“America cannot forget the sorrow of those who died for this precious right to vote.”
The Associated Press
In Ohio’s decade-old voting lawsuit, federal appeals Judge Damon Keith said he was “deeply saddened and distraught” with a majority opinion last month and filled 11 pages with photographs of those slain in the fight for civil rights.
Black and white faces of men, women and children—activists, students, a minister, a housewife—stare out from the pages in a rarely seen visual statement in court opinions.
“I will not forget,” wrote Keith, who is 94. “I cannot forget—indeed America cannot forget—the pain, suffering, and sorrow of those who died for equal protection and for this precious right to vote.”

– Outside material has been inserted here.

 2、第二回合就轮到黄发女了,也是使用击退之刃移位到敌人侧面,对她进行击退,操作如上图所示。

Keith is one of several black judges involved in the state’s longest-running voting lawsuit who have voiced powerful reminders of the struggles of the civil rights movement. Their filings, often contrary to the court’s majority opinion, have gotten little attention as lawyers, journalists and election officials focus on the legal technicalities of each new decision.

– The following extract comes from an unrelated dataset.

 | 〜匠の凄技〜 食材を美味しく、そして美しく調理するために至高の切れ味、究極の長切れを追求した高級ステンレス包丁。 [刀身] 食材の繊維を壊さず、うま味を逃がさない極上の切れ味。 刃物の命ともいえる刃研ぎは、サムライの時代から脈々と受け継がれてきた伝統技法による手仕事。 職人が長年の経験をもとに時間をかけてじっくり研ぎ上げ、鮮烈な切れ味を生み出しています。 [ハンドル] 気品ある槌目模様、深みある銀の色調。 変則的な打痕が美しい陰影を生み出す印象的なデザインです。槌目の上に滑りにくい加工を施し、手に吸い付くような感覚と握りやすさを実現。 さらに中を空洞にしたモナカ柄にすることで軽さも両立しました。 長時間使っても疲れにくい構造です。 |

With days before another presidential election, advocates for the homeless and the Ohio Democratic Party are weighing an appeal to the U.S. Supreme Court after the 6th Circuit U.S. Court of Appeals sided with Republican Secretary of State Jon Husted on Oct. 6 and declined to revisit a three-judge panel decision before all 15 circuit judges. Keith had been the lone dissenter on the panel.